Dollar assets form an important part of its foreign exchange reserves and the U.S. currency plays a prominent role in the global monetary system, China's central bank said Sunday.
The comments, made to the Xinhua news agency by an unidentified central bank official, follow a report last week by a British newspaper suggesting that Beijing could dump its vast dollar holdings if a trade war broke out with Washington.
"U.S. dollar assets, including American government bonds, are an important component of China's foreign exchange reserves as the dollar enjoys a major position in the international monetary system based on the large capacity and high liquidity of U.S. financial markets," Xinhua quoted the official as saying.
Britain's Daily Telegraph said on Wednesday that "the Chinese government has begun a concerted campaign of economic threats against the United States," and was hinting that it might liquidate its holdings of U.S. Treasuries if Washington imposed trade sanctions.

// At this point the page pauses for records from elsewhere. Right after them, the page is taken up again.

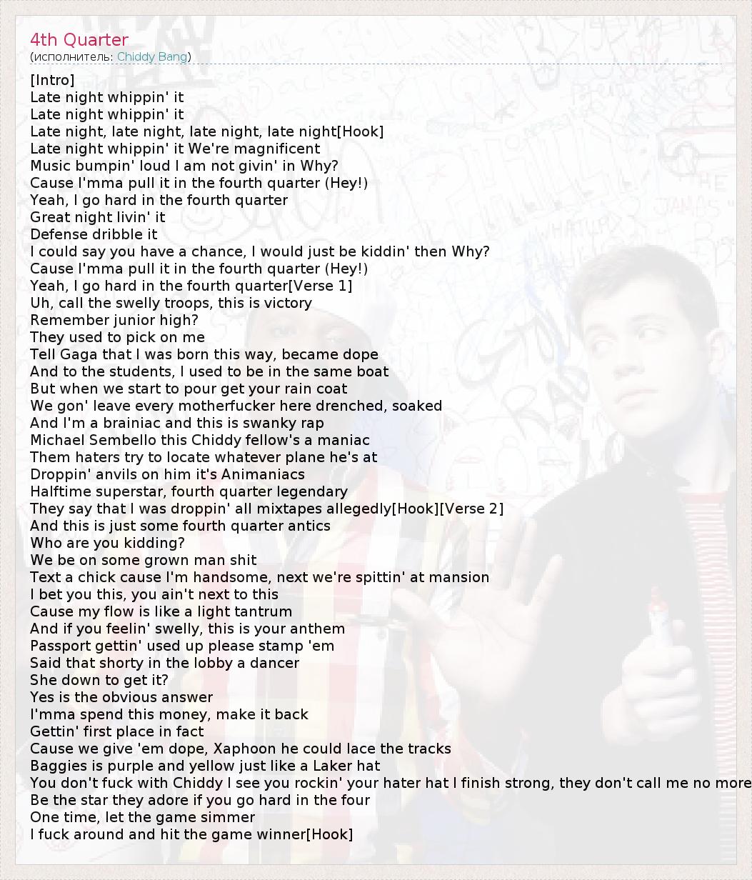 А как ты думаешь, о чем песня "4th Quarter" ?
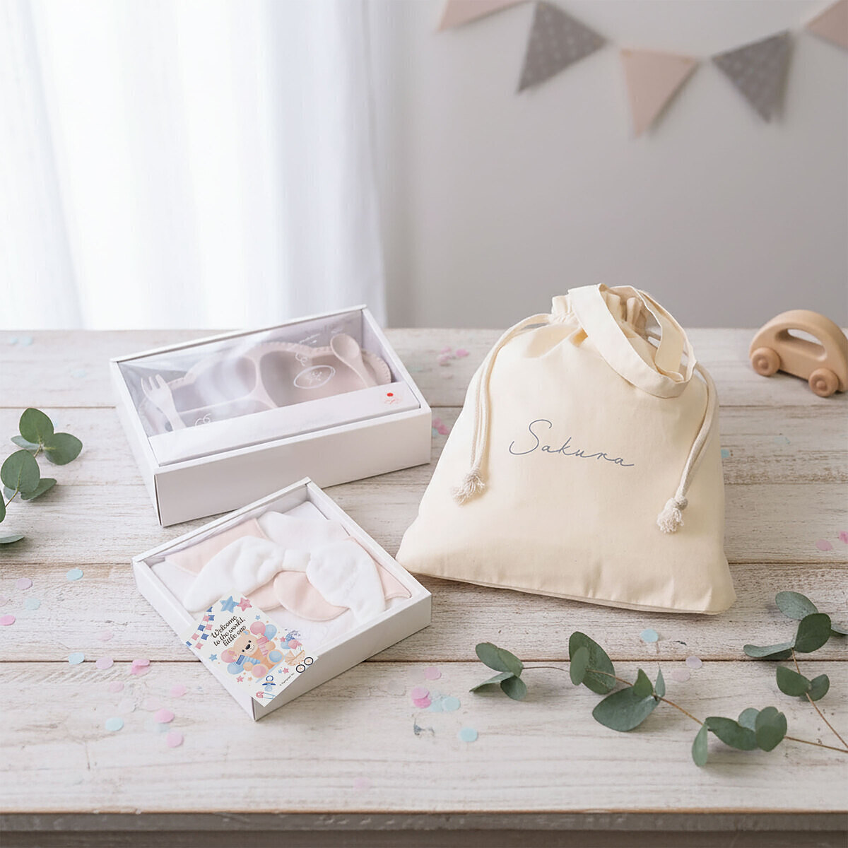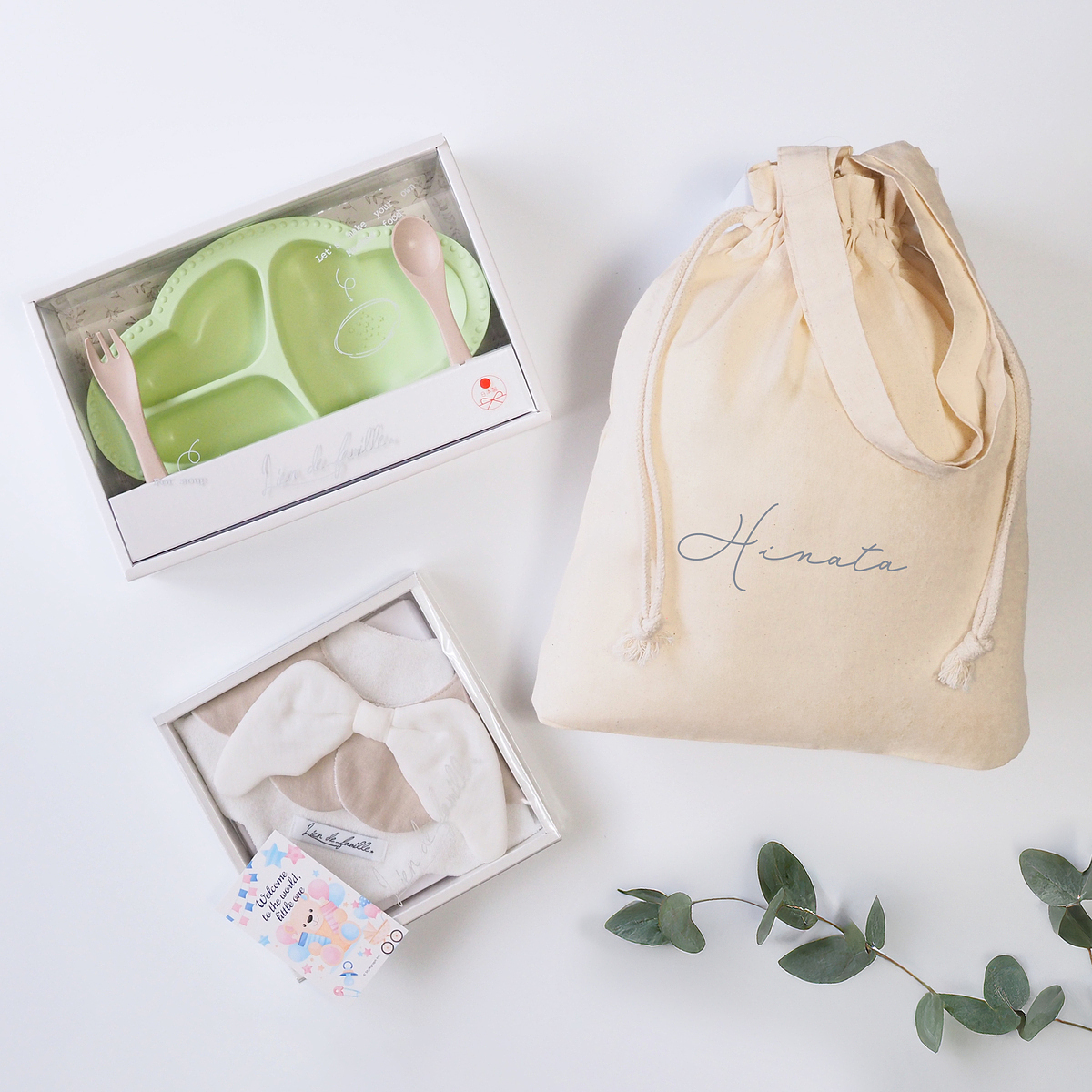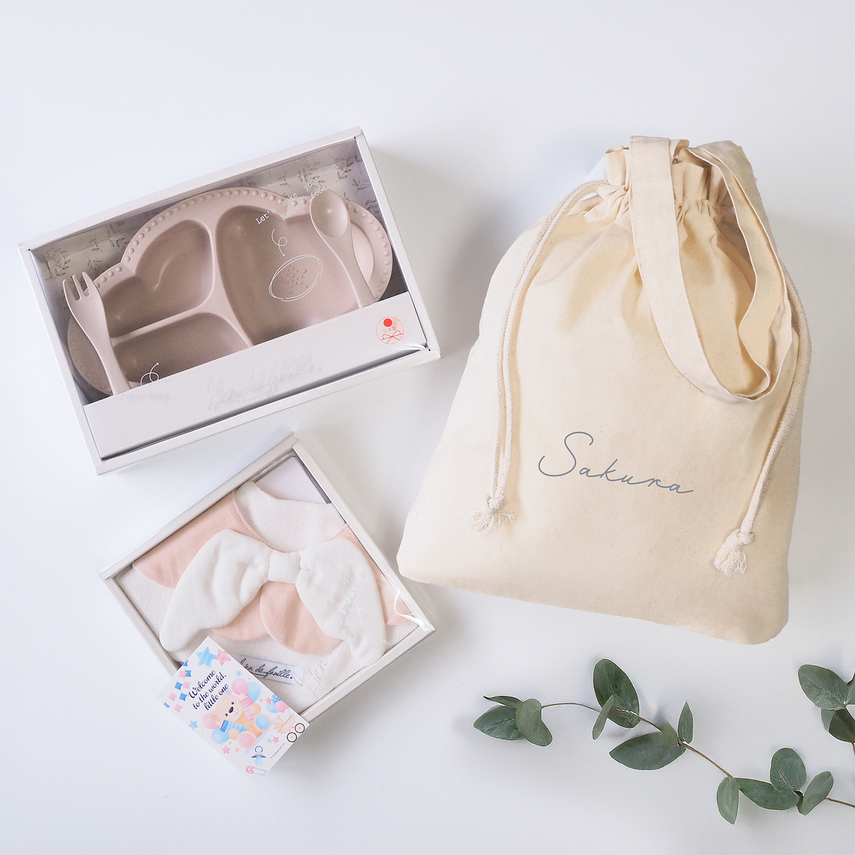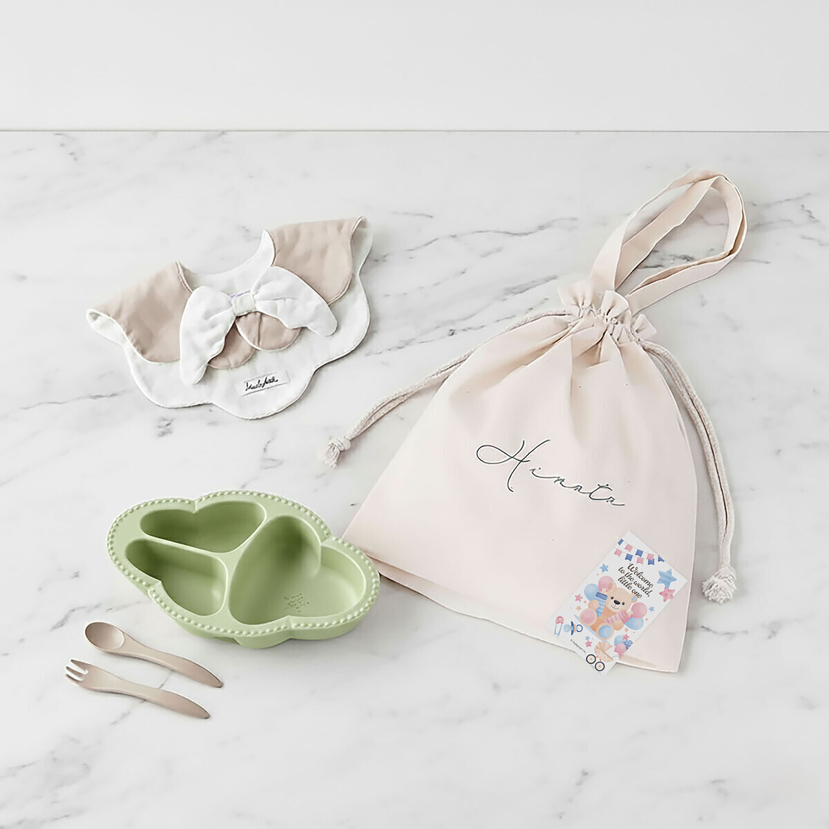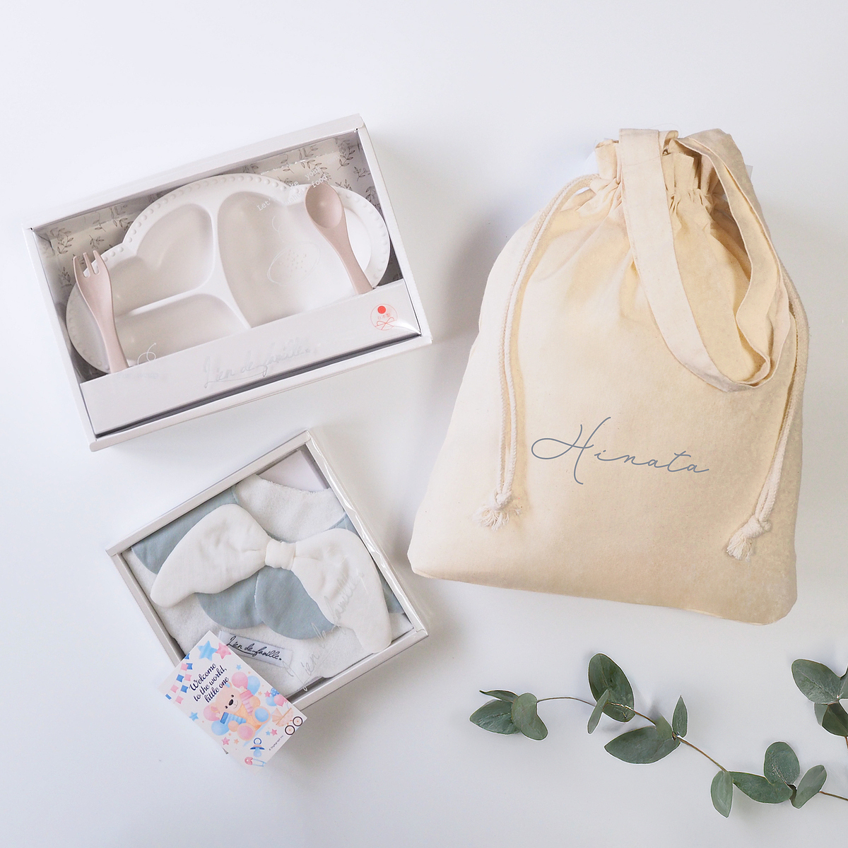 天使のスタイとワンプレート食器3点セットを、まとめて巾着バッグでラッピングしたギフトセットです。
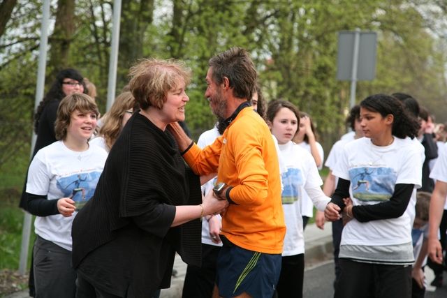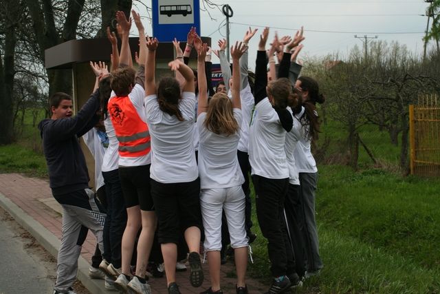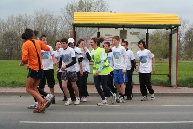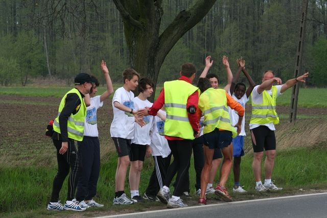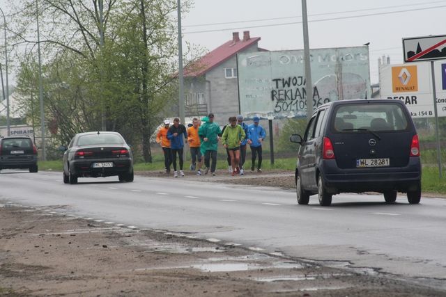 This extraordinary procession is escorted by the Pultusk Police Force, who at a moment’s notice, because it was given only 2 hours warning, made itself available to the group, thanks to the « dream collaboration » with the « Polske Team »: Paulina and Ewelina. We owe them our thanks for having made a complete success of what in advance looked like an impossible encounter on this very busy road. It enabled 42 young people to run with Jacek and Serge and everyone is delighted that his meeting is a triumph. This date of April 27 was planned more than 6 months ago and Serge arrived on time and almost without trying!
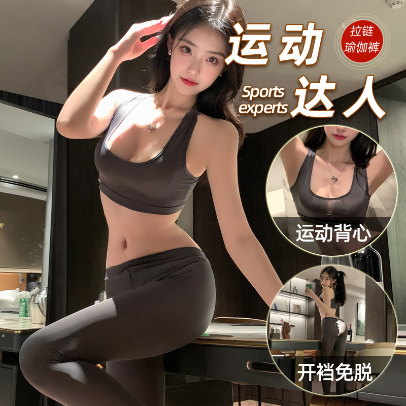 Pure sexy lingerie couples silky zipper crotch yoga elastic tight uniform a generation of 8649
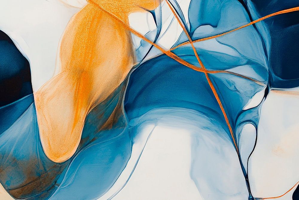 Sanfte Wellen aus tiefem Blau und leuchtendem Gold tanzen harmonisch über eine helle Fläche. Die fließenden Linien erzeugen ein Gefühl von Ruhe und Bewegung, perfekt für ein modernes Wohnzimmer, wo sie die Kreativität anregen und eine entspannende Atmosphäre schaffen. Ideal, um Gäste zu beeindrucken und Gespräche zu inspirieren.
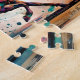 This modern abstract design features a cowboy riding his horse in a swirl of colours.

The story caused a stir in global markets. U.S. President George W. Bush said China would be foolhardy to dump dollars, while the top Republican on the U.S. Senate Finance Committee wrote to the Chinese ambassador seeking clarification.
Asked about newspaper report, the central bank official said: "China is a responsible investor in the international capital markets."
His comments follow concerted liquidity injections on Thursday and Friday by global central banks to soothe investors' fears that spreading losses stemming from investments in subprime U.S. mortgages could snowball into a global credit crunch.
Restating official policy, the official said Beijing's priorities in managing its $1.33 trillion in foreign currency reserves were safety, liquidity and investment returns.
He said China had always taken a long-term, strategic view in its reserves management that took account of the changing trends in the global capital and foreign exchange markets.
"The close economic and trade relations between China and the United States play an important role in the stable development of the two countries' economies and the world economy as well," the official told Xinhua.
The Daily Telegraph said recent remarks by Xia Bin and He Fan, two senior economists at Chinese government-backed think tanks, were the first time Beijing had warned that it might use its foreign reserves as a political weapon.
Analysts and traders in China played down the two economists' remarks. They did not believe the comments indicated any change in Beijing's official policy and said their remarks in any case were not new.